While Steve and Jenny definitely do not deserve their eventual fates, it can be rightly said that the awful shit pit they land in is due mostly to Steve being a colossal asshole who should have just walked away before everything went to hell. He has several chances to do so, but his idiotic pride won’t let him.

Eden Lake should look familiar: the plot is nearly identical to The Strangers (or Deliverance, The Hills Have Eyes, The Texas Chainsaw Massacre, and Wrong Turn, for that matter). Above all else, never ever pitch your tent in an isolated rural area, especially after witnessing the casual cruelty of the locals.

But there is a critical difference. There’s no explanation for the amorality and astonishing lack of empathy on the part of the teens in The Strangers. Boredom maybe? Gangsta rap? Point and shoot video games? Guess we’ll never know.

In Watkins’ film, the young miscreants are squarely under the sway of Brett (Jack O’Connell), the group’s psychotic Alpha male, who, like any good tyrant, whittles away his subjects’ humanity with bullying and threats. (I kept thinking of African child soldiers, forced under impossible pressure into remorseless killers.)
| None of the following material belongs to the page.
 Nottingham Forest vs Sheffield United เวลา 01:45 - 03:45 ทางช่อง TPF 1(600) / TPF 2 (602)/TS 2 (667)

Each nightmarish escalation of the action is presented as a transgression that could have been avoided, but also as a disturbingly believable development, considering the hellish circumstances the characters find themselves in. And that is why Eden Lake is so damn terrifying and transfixing.

The Midnight Meat Train (2008)

I haven’t read enough Clive Barker to decide if I’m a fan or not, but he certainly spins a fascinatingly lurid yarn. The Midnight Meat Train is based on one of his short stories, and it’s a bloody fun ride, even though I kept thinking I was watching a chopped up version that had scenes missing. There are moments when the action inexplicably jumps from Point A to Point M, and you wonder how the hell we got here.
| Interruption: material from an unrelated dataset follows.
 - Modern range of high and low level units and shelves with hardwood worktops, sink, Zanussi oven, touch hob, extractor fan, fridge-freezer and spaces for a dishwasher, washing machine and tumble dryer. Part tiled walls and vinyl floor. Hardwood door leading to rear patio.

A right-before-he-got famous Bradley Cooper plays Leon, a wannabe artsy photographer trying to capture “the beating heart of New York City” to impress snooty art dealer Susan Hoff (Brooke Shields), who advises him to take more chances, and not run away when danger rears its ugly head. He starts hanging out in the subway during the wee hours of the morning and stumbles upon a very dapper and intense-looking butcher (Vinnie Jones, in a silent part), and is immediately compelled to follow him around. (How do we know he’s a butcher? Well, he carries a meat mallet the size of Mjolnir, for one thing.) Sure enough, it appears his new-found subject is a methodical serial killer who’s been making late-night subway riders disappear for quite some time. Poor Leon realizes too late, that the butcher’s grisly nocturnal rituals are all a part of (sung in Elton John voice) “the c-i-r-c-l-e of l-i-i-i-f-e!”
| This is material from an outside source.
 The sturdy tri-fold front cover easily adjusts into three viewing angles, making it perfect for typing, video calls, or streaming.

Anytime you pad out a short story into a feature length film, there’s going to be filler, and The Midnight Meat Train is no exception, but for the most part, director Ryuhel Kitamura and screenplay scribe Jeff Buhler keep it fast and gruesome. The ending is pure Whiskey Tango Foxtrot, but it’s not a cop-out. It’s surprisingly weird and horrible, and hints at a “bigger picture” that’s even more terrible than we had first supposed. And that, folks, is what good horror should do. What, no sequel?